= Martiros Aslanov =

Martiros Grigoryevich Aslanov (Russian: Мартирос Григорьевич Асланов; 1897–1977) was the founder of the Moscow school of Pashto studies in Russia.

Aslanov worked in the Soviet embassy in Afghanistan from 1930 to 1939; Aslanov graduated from the Moscow Institute of Oriental Studies in 1942, in 1946 he became a scientific collaborator of the Institute of Language and Cognition, where he worked until 1950, when he proceeded to work in the Institute of Oriental Studies (1950-1958). From 1958 to 1967 he worked at the Institute of Ethnography of the Academy of Sciences of the USSR.

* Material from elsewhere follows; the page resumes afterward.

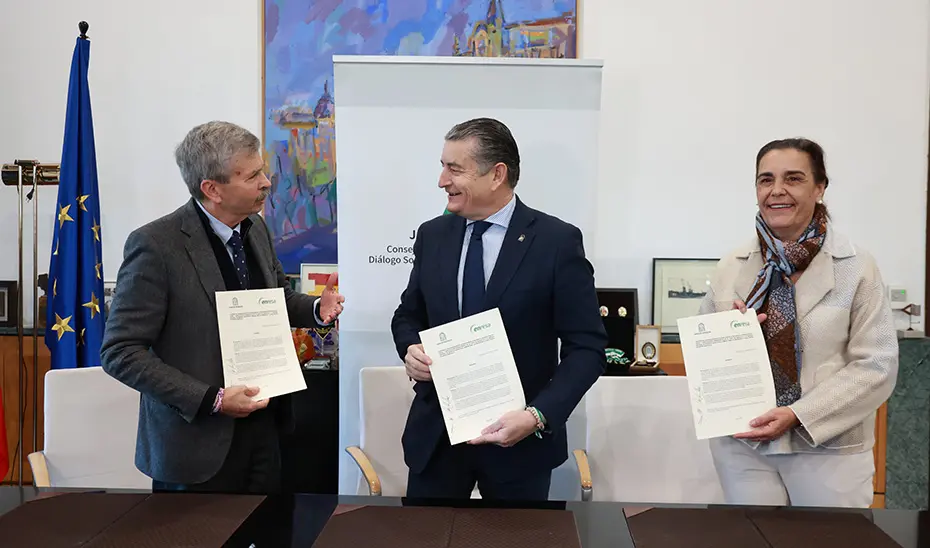 El consejero de la Presidencia, Interior, Diálogo Social y Simplificación Administrativa, Antonio Sanz, y el presidente Enresa, José Luis Navarro, han suscrito en el Palacio de San Telmo un acuerdo de colaboración entre ambas instituciones para impulsar medidas de prevención y lucha contra los incendios forestales en Andalucía. Al acto ha asistido también la directora del centro de almacenamiento de El Cabril, Eva Noguero.

Aslanov published around 50 works, including the Pashto-Russian dictionary.

== Bibliography ==

- "Учебный афгано-русский словарь". – М: МИВ, 1938. – 145 С. – Стеклогр. изд.
- "Учебник пушту. Часть 1. Вводний фонетический курс". – М.: ВИИЯ, 1942. – 132 С. – Стеклогр. изд.
- "Афганцы" // В кн.: Народы Передней Азии. – М., 1957. – С. 56-106.
- "Пуштуны" (совместно с В.И. Кочневым) // В кн.: Народы Южной Азии. - М., 1963. - С. 731-753
- "Афганско-русский словарь (пушту). 50 000 слов". – М.: Советская энциклопедия, 1966. – 994 С.